The SCOTUS is a final arbiter, but they hear very few cases.
Same with the term "gun nut."
Not into gun culture myself but anybody who conflates law abiding gun ownership as per the constitution with nutcases who use guns to hurt people, quite often with guns they're not lawfully in possession of, is a lump of shit.
And nobody outside of the fringes conflates gun nuts, let alone regular gun owners, with murderous nut cases.
Have you been to California?
Eh, that plays to my point though. California is pretty left-wing and, because it's huge, the fringes are rather populous. Still, I would say that the legitimate gun nuts don't help their image by stockpiling ammunition for when they, you know, need to overthrow the government. The most the left has in that regard is whatever cans of tear gas they can quickly throw back at police.
but I don't see "HICK PRIDE" bumper stickers or gymbro metal bands writing songs titled Hick.
A. You want proof but also acknowledged that proof can't come into play here. If it did--i.e. if she showed up with a taped recording, like one of Weinstein's victims did--you'd accuse her of inviting harassment in order to catch Kavanaugh in the act. Therefore, even though she has "proof," she's of disreputable character. No way for her to win that argument.

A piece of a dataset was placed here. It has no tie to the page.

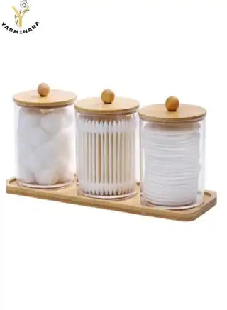 noon.com3-Pack Organizer Jar Set With Bamboo Lid and Tray Triple Pieces Acrylic Storage Organizing Box Suit For Bathroom Makeup Cotton Swabs Toner Pad Facial Pad Rubber Band Office Clips Staples Kitchen Spices etc

B. "Proof" is for juries and legal cases. We're not discussing Kavanaugh's criminality. We're discussing his fitness to serve on the supreme court. You don't need proof for this because it's clear, as you've already said, that "something happened." If that's clear, then we don't need to know exactly how long he held her down for, what kind if liquor he drank, how drunk she was, etc. etc. Something happened, and that's enough to question his nomination. It's not enough to put him in jail, however.
C. You seem to buy into this notion that women just be comin out the woodwork to accuse him because they don't like his views on abortion, or some such. If this was true--i.e. that we can dispose of public figures whose views we don't like--it would be happening way more than it does. The fact that it's happening more now speaks to our society's attempt to make up for years of shutting down accusers. That's not liberal weepy bullshit, it's what has actually been happening in this country for a long time. For too long it's been the accused who have the benefit of the doubt, when (also for too long) that's because accusers were actively dissuaded, if not prevented, from coming forward. Why would there be "proof" from that time when it was an era in which accusations like hers would have been disastrous for her? (although, of course, she did tell friends and colleagues, as several have testified) She made a conscious choice, so I'm not saying she had no agency; but her choice, due to circumstances at the time, shouldn't prohibit consequences for Kavanaugh now.

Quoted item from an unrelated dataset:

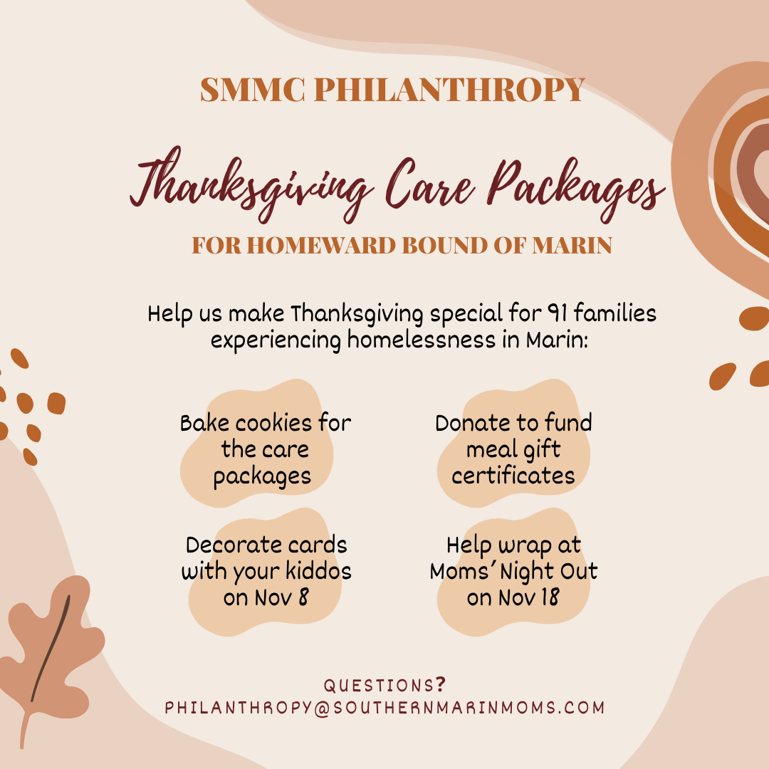SMMC, registered as Southern Marin Mothers’ Organization, is a non-profit, volunteer run club that strives to provide supportive, nurturing community for families to share meaningful experiences, fun, and fellowship that strengthens family bonds. We greatly appreciate any tax deductible donation to our exempt organization (as described in IRC Section 501(c)(3), Tax ID# 68-0427069) Please contact president@southernmarinmoms.com with questions. We thank you for your generosity!

Your complete distrust of women in this case is more suspicious to me than the fact that more are coming forward. You've set up a case in your own mind in which there's no viable position for an accuser to take. I find your diagnosis of the "social cancer" to be the more serious "social cancer."
And yet their decisions set precedents for innumerable cases down the line.
Any use of the term "cultural decline" or any sort of equivalency is an automatic red-flag, imo.